Reduced use of virtual machines as a way of provisioning servers to end-users
Increased use of automated pipelines for building/compiling applications, closely tied to git repositories (continuous integration)
Increased use of automated pipelines for deploying containers into production environments, closely tied to git repositories (continuous deployment)
Moving away from large “monolithic” applications towards collections of services working together
“Decomposing” large applications into smaller services, where it is easier to understand what each of the small services is doing, and easier to make changes without impacting the whole application
Move workloads (containers, virtual machines) to cloud computing providers, potentially even using “container as a service” offerings
“Horizontal scaling”, where you can quickly increase or decrease the number of containers to deal with changing scale. For example you may have a machine learning model which can deal with 5 requests per second, but the process you’re supporting has a daily peak of 48 requests per second. Because containers are so quick to launch, you can simply launch 10 containers as the peak is approaching and deal with the peak load in parallel. In order for this to work containers need to be self-contained and stateless.

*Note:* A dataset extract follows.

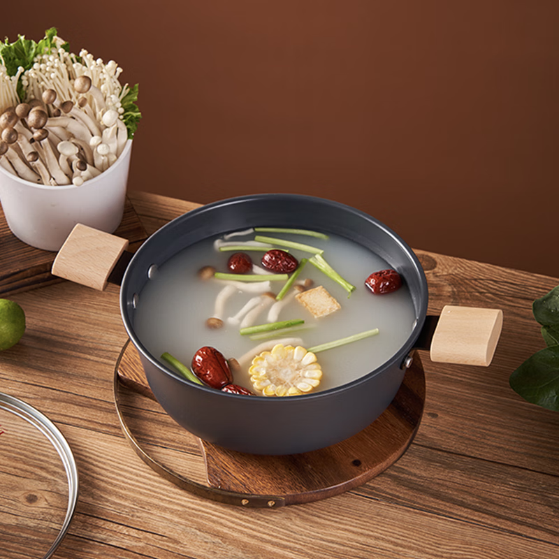 1.实木手柄表面纹理细腻 隔热提升烹饪安全性;

As a data scientist you’re only ever going to be a small part of the container ecosystem in your workplace, but it helps to understand what that ecosystem looks like so you can recognise the terms people use. Overall these trends are a good thing for data scientists as they lower the barrier for entry when putting services (e.g. machine learning models) into production. For example, if you developed a credit scoring model which needed to be included in a real-time decision making process, you would have previously had to hand your code over to a developer to incorporate into their software. With the move towards applications built as a collection of microservices, you can simply deploy a container which exposes an API, and your application can be written in R or Python regardless of what language the rest of the system is using. Disregarding compliance considerations, this would also allow you to update your model as regularly as necessary without having any dependencies on the rest of the system - because your service is isolated within it’s own container, you can make internal changes to your code as long as you don’t change the external API. We’ll look at APIs more closely in the final chapter of this course.

11.4 Learning More

The best resource for learning about Docker is the Docker website - they have lots of educational material available, and also provide links to sponsored materials including the Play with Docker website. Also mentioned above are the rOpenSci Consortium Docker tutorial and Colin Fay’s Docker for R users.

As with any other tool, the best way to learn is through trial-and-error. Install Docker on your own computer and experiment!